Götterdämmerung

Paul Daniel
English National Opera Chorus and Orchestra
Date/Location
2 April 2005
Coliseum London
Recording Type
  live  studio
  live compilation  live and studio
Cast
SiegfriedRichard Berkeley-Steele
BrünnhildeKathleen Broderick
GuntherIain Paterson
GutruneClaire Weston
AlberichAndrew Shore
HagenGidon Saks
WaltrauteSara Fulgoni
WoglindeLinda Richardson
WellgundeStephanie Marshall
FloßhildeEthna Robinson
1. NornLiane Keegan
2. NornYvonne Howard
3. NornFranzita Whelan
Gallery
Reviews
Guardian

Anyone who has persevered with English National Opera’s Ring cycle will find few surprises in the final instalment. But where the attempt of Phyllida Lloyd’s production and Richard Hudson’s designs to ground every scene in images from contemporary life scored at least a partial hit in last autumn’s Siegfried, the new Twilight of the Gods returns to the relentlessly trivialising approach that so seriously undermined the stagings of The Rhinegold and The Valkyrie last season, and so transforms one of the greatest of all operatic achievements into the soundtrack for the trashiest of TV soaps.

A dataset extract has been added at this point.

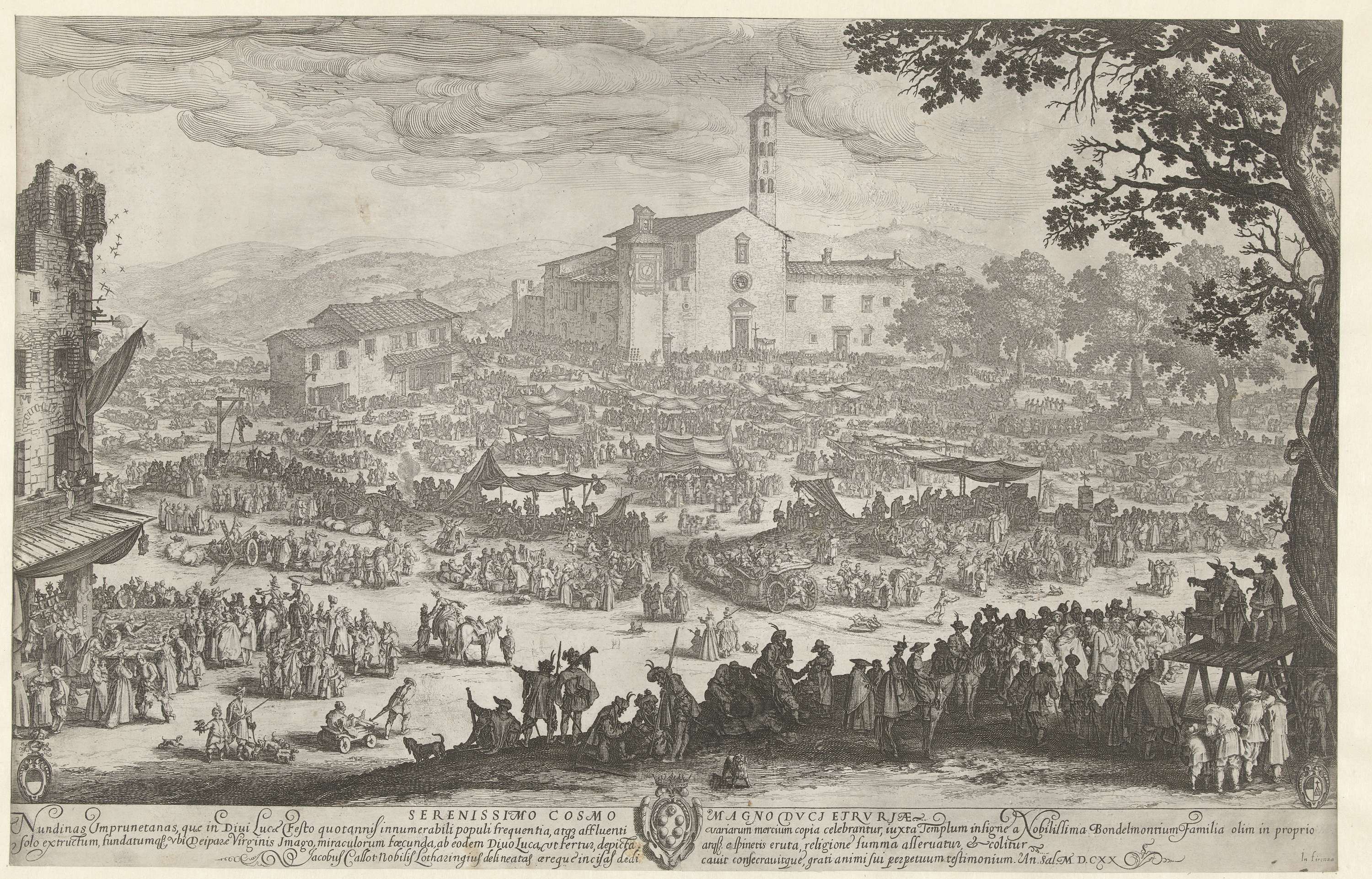 Jaarmarkt op 18 oktober te Impruneta, een dorp nabij Florence: een grote menigte kraampjes, handelaren en bezoekers op een plein voor een kerk. Linksonder het wapen van de Santa Mariakerk te Impruneta, rechtsonder het wapen van de familie Buondelmonti (die de kerk stichtte), middenonder het wapen van de Medici. Onder de voorstelling een onderschrift in ...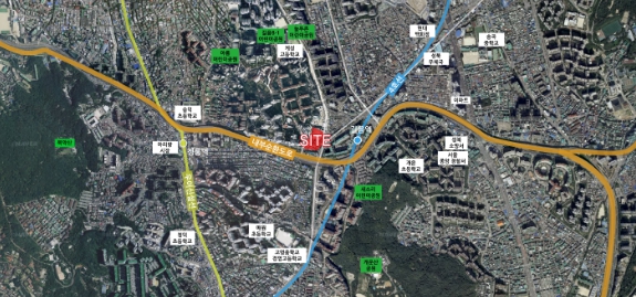 천호대로변에 위치한 사업부지는 지하철 5호선 '강동역'과 인접하고 '천호역'과도 가까워 대중교통 이용이 편리하며, 북측 고층으로는 한강을 조망할 수 있고 남측으로는 올림픽공원의 탁 트인 조망이 확보되어있는 장점을 갖추고 있다.

In the prologue, the Norns (Liane Keegan, Yvonne Howard and Franzita Whelan) watch their world fraying and unravelling from the same geriatrics’ TV room in which they had encountered the Wanderer in the last opera, while Richard Berkeley-Steele’s Siegfried and Kathleen Broderick’s Brünnhilde enjoy their domestic idyll in what seems to be a log cabin in the American west. She, in her floral-print frock and little wife’s pinny, sends him off on his journey in a Stetson and cowboy boots, and we watch his progress down the Rhine as a garish video travelogue; that Wagner’s music for the Rhine Journey is one of the great orchestral set pieces in the whole Ring cycle seems to matter not at all.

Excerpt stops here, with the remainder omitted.